◆ Task details
Scan the following material for the string "servants" and copy each line in which it appears.

__________

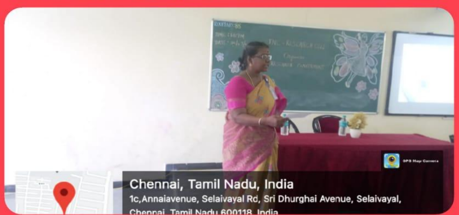
Chennai, Tamil Nadu, India 1c, Anna Avenue, Selaivayal Rd, Sri Dhurghai Avenue, Selaivayal, Chennai, Tamil Nadu 600118, India
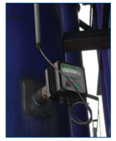
Electrodynamic Sensor installed in bag house outlet

Reduced environmental emissions due to better filter control
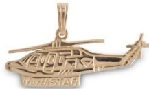
North Star Helicopter
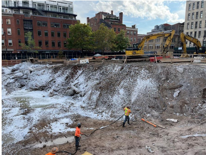
Photo 1: CCJV applying Atmos® AC-645 dust/vapor suppressing foam to exposed soil/fill for the temporary overnight cover (facing southwest)
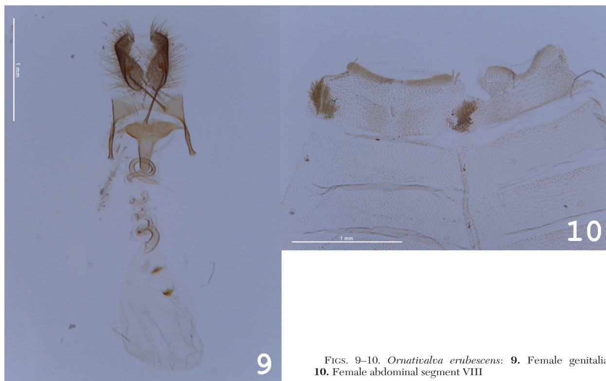
FIGS. 9–10. Ornaturalva erubescens : 9 . Female genitalia; 10 . Female abdominal segment VIII

for examining specimens and slide mounts. Images were made with the Passport II Imaging System with a Canon MPE 65 mm 1–5X micro-photography lens, and with a Leica stereoscope with Leica Application Suite 4.6©. Specimens are deposited in the Arizona State University Hasbrouck Insect Collection (ASUHC), at least one male and one female deposited in the U.S. National Museum of Natural History (USNM), and several specimens in the British Museum Natural History, London (BMNH) (Ian Watkinson, personal communication, June 26, 2017).
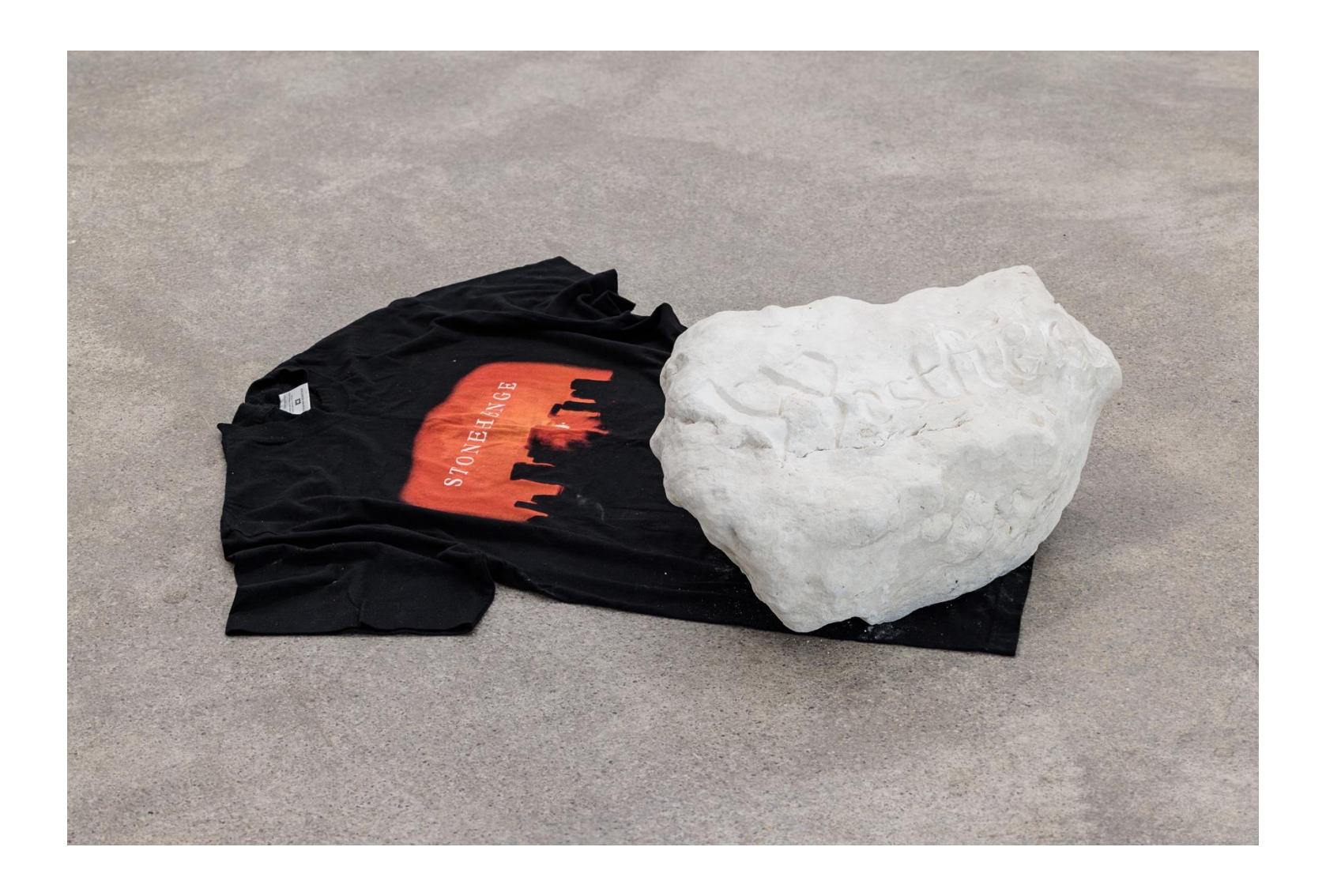
CORBIN SHAW Westfield, 2025 Chalk stone and T-shirt 45 x 33 x 17cm (stone)
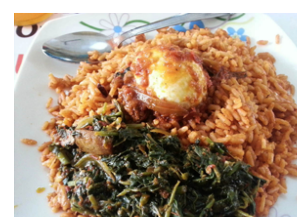
Zamè, red rice served with egg and vegetable

For dinner guests, the host might prepare zamè, which is cooked red rice served with beef and vegetables. Another popular dish to serve guests is juka, which is a brown, couscous-like grain that is grilled with peanut powder. Juka is typically served with an onion, eggplant, and beef soup. Drinks include teas such as hibiscus or lemon grass and watered fruit juices such as guava or tamarind. In Bamako and other city settings, a wider variety of dishes are common, including fried fast foods, such
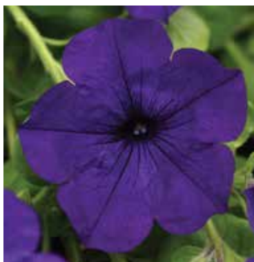
NEW Main Stage Violet
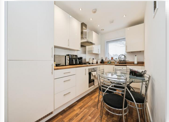
Laxton Close, Southampton SO19 9JA
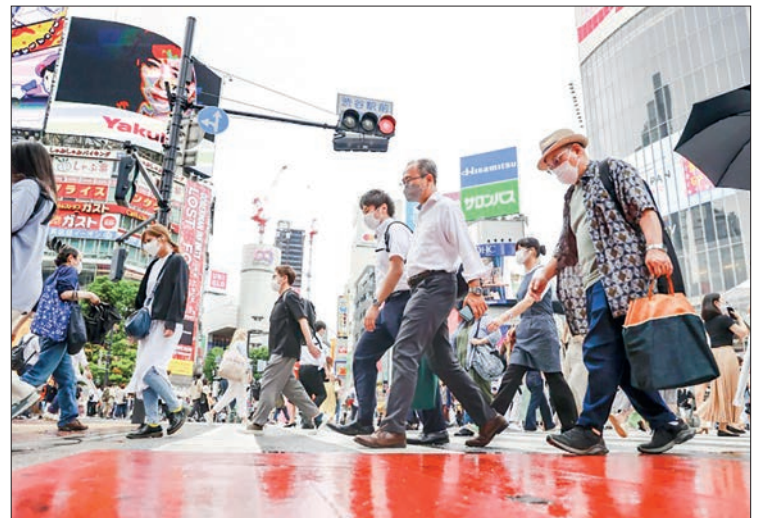
People wearing face masks walk in the rain in Tokyo's Shibuya district on 14 July 2022, as the Tokyo metropolitan government reports 16,662 COVID-19 cases the same day, doubling from a week earlier, amid a nationwide surge driven by the highly transmissible BA.5 subvariant of the Omicron variant.

It has taken only four months for the cumulative nationwide total to double, according to a Kyodo News tally, highlighting the accelerating pace of infections. After the first COVID-19 case was confirmed in Japan in January 2020, it took around 19 months to hit 1 million and another six months to reach 5 million.—Kyodo
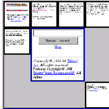
Fig. 3. The WEST Browser allows for several different views of the same web-page source.

used as complementary structures of the webpage in [IV]. Thus, the pre-processing delivered three sets of [IV]: one based on the graphical look of the cards, one based on the extracted keywords and one based on the links.
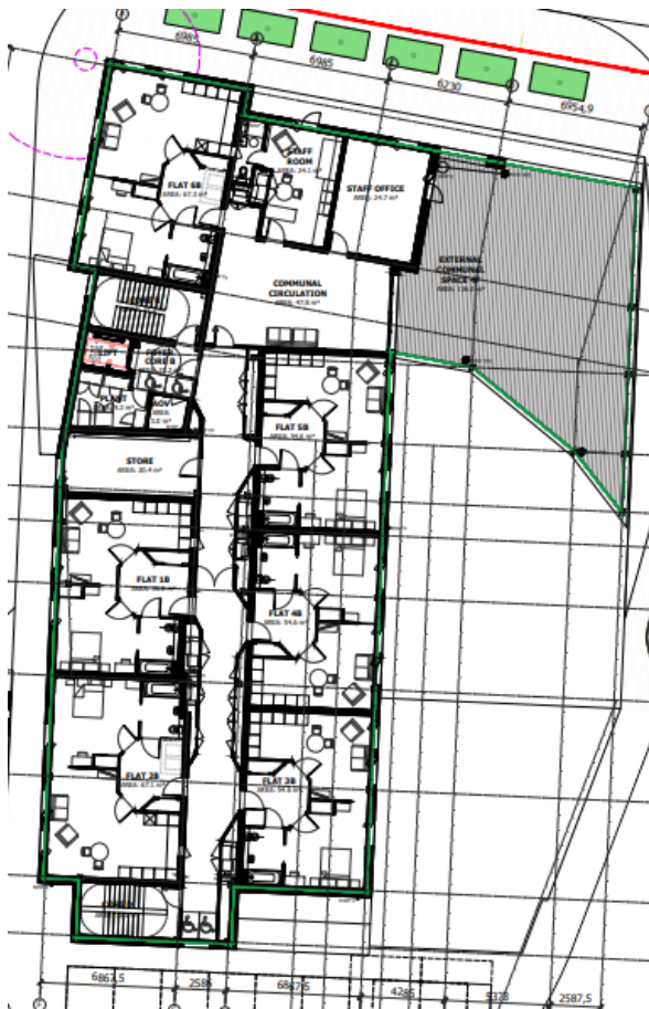
Proposed Fourth Floor Plan:
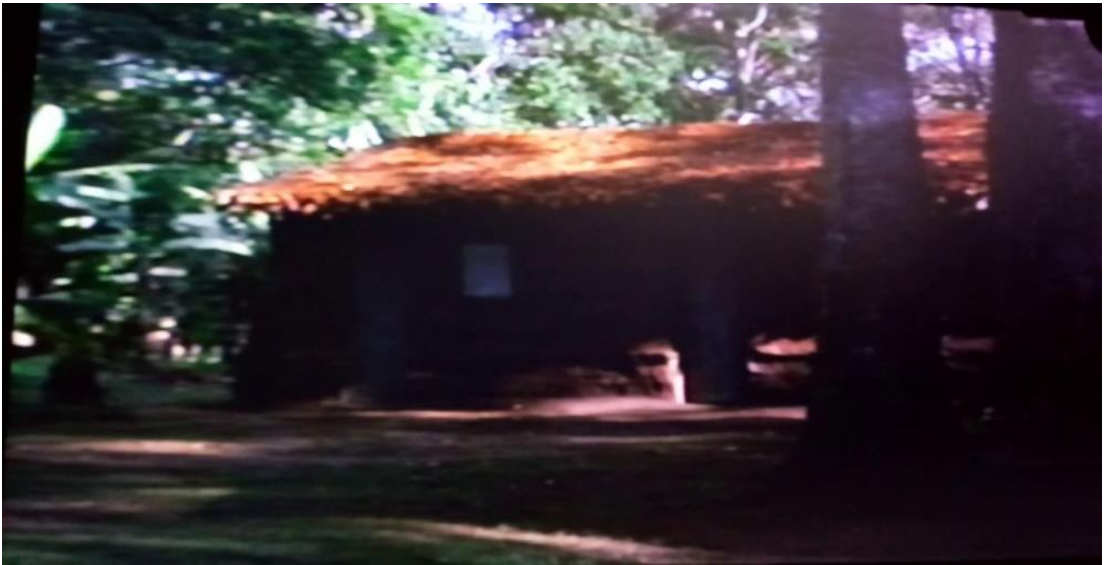
Fig 2.1 Bwana John's servants' quarters

a separate mud walled and thatched hat with huge gaping holes. They have no furniture and are forced to spread a mat on the floor with nothing to cover themselves with. The 'servants' quarters' is nothing but a space to lay one's head.
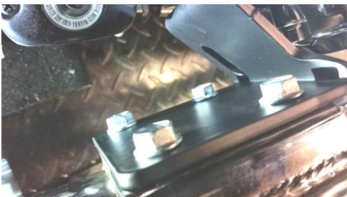
Fig.2.10 Muffer brackets are flush with mounting bracket (rear section)
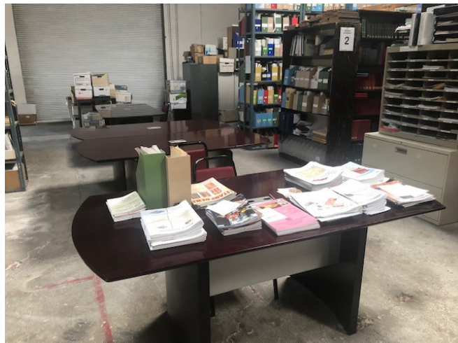
ABOVE: Improved workspace in the Library.
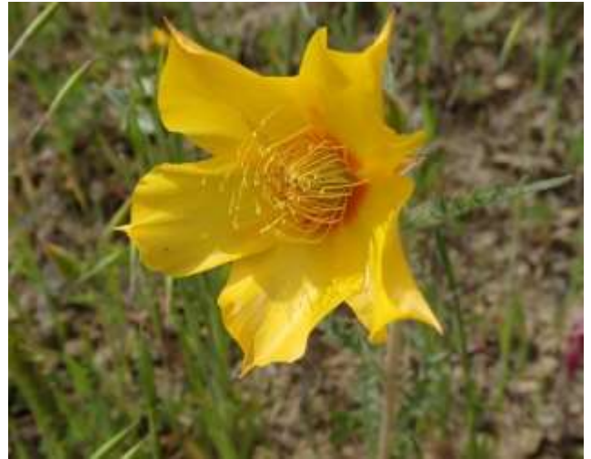
Blazing star ( Mentzelia lindleyi) at Sierra Vista Open Space Preserve, April 2020

Our Chapter emails announcements about upcoming events (talks, hikes, sales, wildflower show, garden tour), alerts, last-minute notices and late-breaking news. To subscribe to this list, please send an e-mail to: cnps-scv-news+subscribe@googlegroups.com .
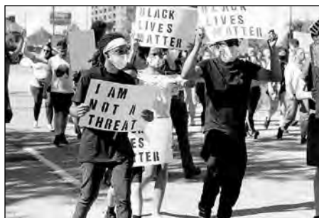
Black Lives Matter Flint protesters marching downtown Flint in June 2020

The fact is that most of the book bans are not so much about banning books, or keeping books off the library shelves, as they are about rallying a political crowd around an attempt to
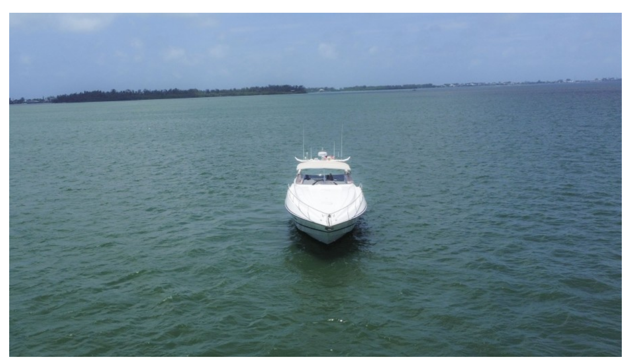
1993 Sunseeker 60 Renegade - Ripe and Ready
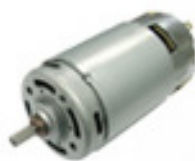
High Voltage DC Motors
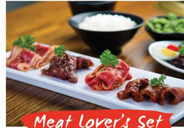
Meat Lover's Set

__________

◆ Task response
Fig 2.1 Bwana John's servants' quarters
a separate mud walled and thatched hat with huge gaping holes. They have no furniture and are forced to spread a mat on the floor with nothing to cover themselves with. The 'servants' quarters' is nothing but a space to lay one's head.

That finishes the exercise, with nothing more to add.